Late in the afternoon, hours after the accident happened, the van was pulled from the water with the men still inside. Police loaded the upside-down vehicle onto a flatbed tractor-trailer logging truck and placed a tarp over it. The truck was driven about 10 miles from the accident site to the nearest garage “where the initial observation occurred by the Medical Examiner’s Office,” McCausland said.
After that, the truck, with a police escort, was driven over miles of bumpy dirt roads to Interstate 95 en route to Augusta. The entire trip took about five hours. The bodies were taken out of the vehicle the next morning.

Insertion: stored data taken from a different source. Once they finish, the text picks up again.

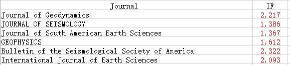 本人想投一篇SCI检索的地球物理英文期刊,内容属于地震学,第一次投稿,经验不足,想快点发出去。影响因子介于弱三区和四区之间,请问大家有推荐的没?我搜了几个,请问图片中第六个有熟悉的吗? LN_UXQHK0NA7OX{BO6XQ$YL.jpg |
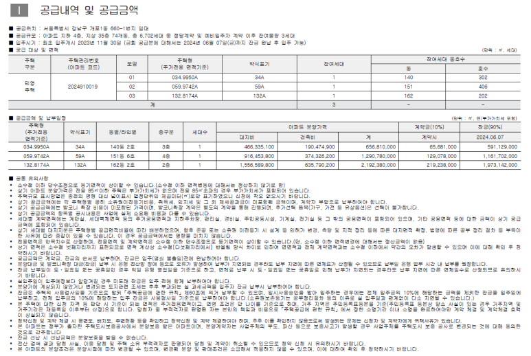 - 상기 공급금액에는 발코니 확장 비용이 미포함된 가격이며, 발코니확장 계약은 별도의 계약을 통해 진행되며, 추가선택 품목(가구, 가전 등 유상옵션)은 선택이 불가합니다
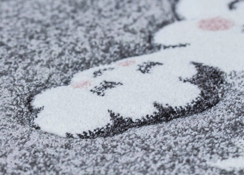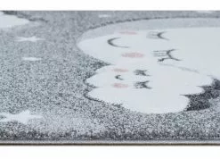 London Cloud är en stilren barnmatta som kommer i mjuka pastelltoner. Mattan har en grå botten som pryds utav en måne och moln, som har rosiga kinder i puderrosa. London Cloud har en grå langettering på långsidorna och är gjord i carvingteknik, vilket innebär att den har utskärningar för att detaljer skall bli mer framträdande.
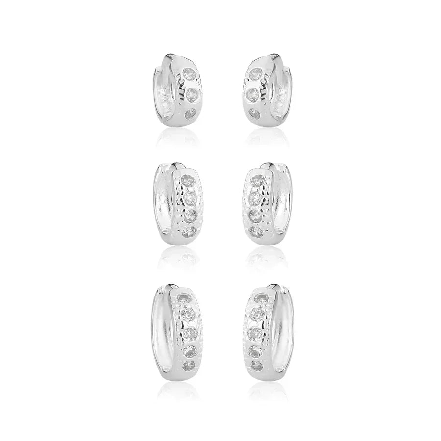 Trio de Brinco Argola Cravejado 1 Fileira de Prata 925, vem com 3 peças lindas com acabamento perfeito com pedras de cor cristal de 1,5mm e fecho de encaixe, além de ser feito com um material de excelente qualidade e durabilidade.
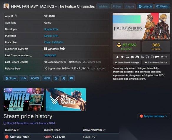 史克威尔艾尼克斯Square Enix今日正式宣布,旗下口碑炸裂的策略RPG重制版《最终幻想战略版:伊瓦利斯编年史》在Steam平台开启发售以来的首次折扣活动。标准版目前享受20%的优惠,国区价格已达新低。考虑到该作刚刚在TGA 2025上力压群雄拿到最佳模拟/策略游戏,这波趁热打铁的促销操作属实是让等等党赢麻了。
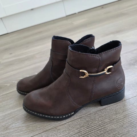 Superfine Rieker støvletter i brunt skinn med gulldetalj. størrelse 36.
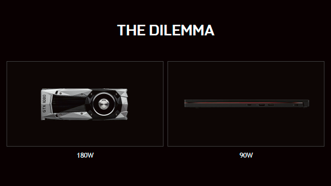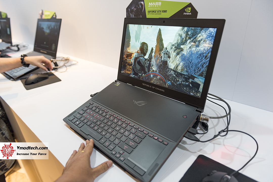 ด้วยการออกแบบที่แยบยลด้วยการยกตัวถังด้านหลังให้สูงขึ้นเมื่อเปิดหน้าจอขึ้นใช้งาน พัดลมภายในจะทำการดูดความเย็นจากภายนอกเข้าไประบายความร้อนภายในตัวถังของโน๊ตบุ๊คที่มีความหนา 18 มิลลิเมตรได้อย่างเหมาะสม จากที่ได้สอบถามจากหัวหน้าฝ่ายขายของ NVIDIA ก็ทราบว่าความสามารถของ GPU บน Platform MAX-Q นั้นต่ำกว่า Desktop GPU ที่เป็นรุ่นเดียวกันอยู่ประมาณ 10% แต่ใครจะแคร์ครับ เมื่อ GPU ซีรีย์ 1000 ทั้ง 1060, 1070, และ 1080 นั้นมีความสามารถ สมรรถนะและประสิทธิภาพที่สูงอยู่แล้ว ก็จะทำให้เกมส์เมอร์จะได้รับประสบการณ์ใหม่ๆในการเล่นเกมส์ด้วยความหนาเพียงแค่ 18 มิลลิเมตร กินไฟต่ำ ความร้อนต่ำ และสามารถหิ้วไปเล่นเกมส์หนักๆได้อย่างสบายที่ไหนก็ได้
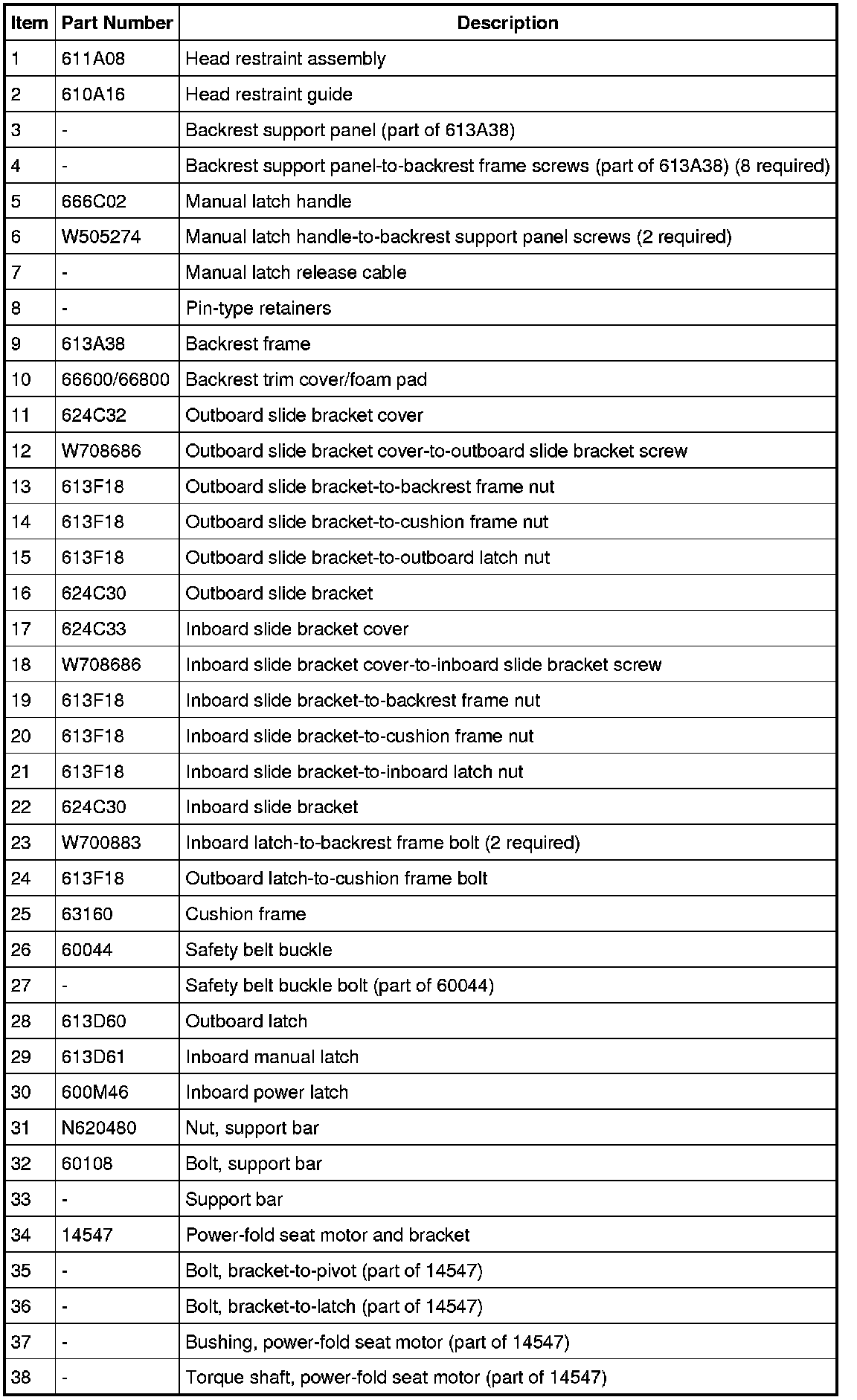 Seat - Exploded View, Third Row
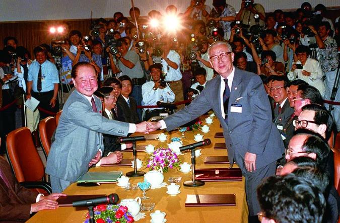 1993年4月27日,首次“汪辜會(huì)談”在新加坡開始,海協(xié)會(huì)和;鶗(huì)代表各10人參加了會(huì)談,這是海峽兩岸授權(quán)民間機(jī)構(gòu)領(lǐng)導(dǎo)人的第一次晤談。會(huì)談前汪道涵(左)與辜振甫握手。 新華社發(fā)
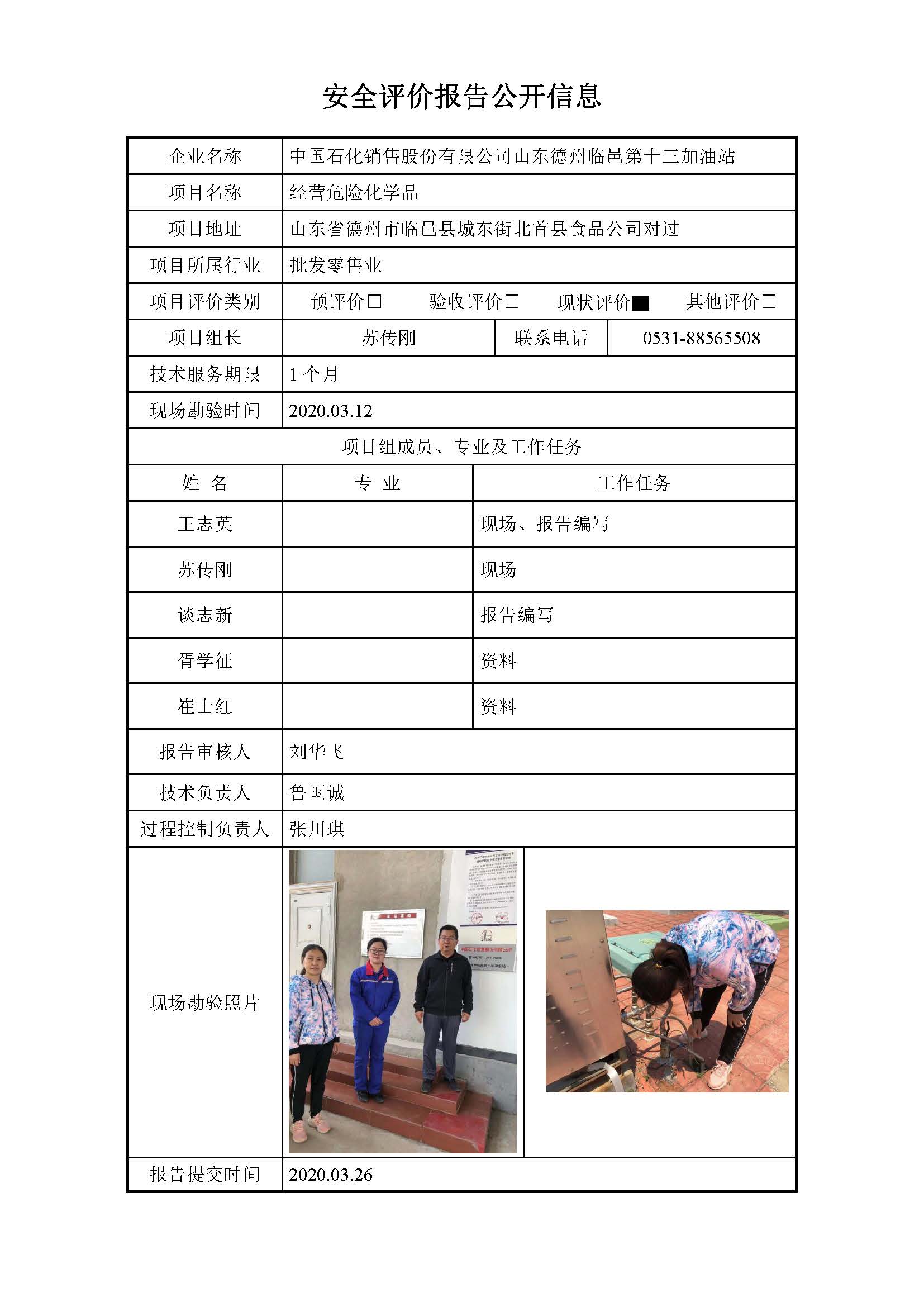 中国石化销售股份有限公司山东德州临邑第十三加油站安全评价报告信息公开

During a recent interview, Sherry Izaguirre of Presque Isle, widow of one of the men who died, said she was disgusted the bodies weren’t taken out of the van before the trip to Augusta.
“It was morbid,” she said. “Would we have done that to one of our own?”
McCausland said no disrespect was intended by keeping the men’s bodies in the van. He said the remoteness of the area and the rough terrain of the road made it next to impossible to get hearses there to pick up the bodies. Plus, he said, the state police and the Medical Examiner’s Office did not have the necessary equipment to preserve the accident scene inside the van and conduct an accurate inventory of the men’s bodies and their belongings.
“The decision was to leave things as they were,” said McCausland, who noted the same decision is made when people die in car fires or in remote areas. “That is done quite often in Maine when there are extraordinary [circumstances].”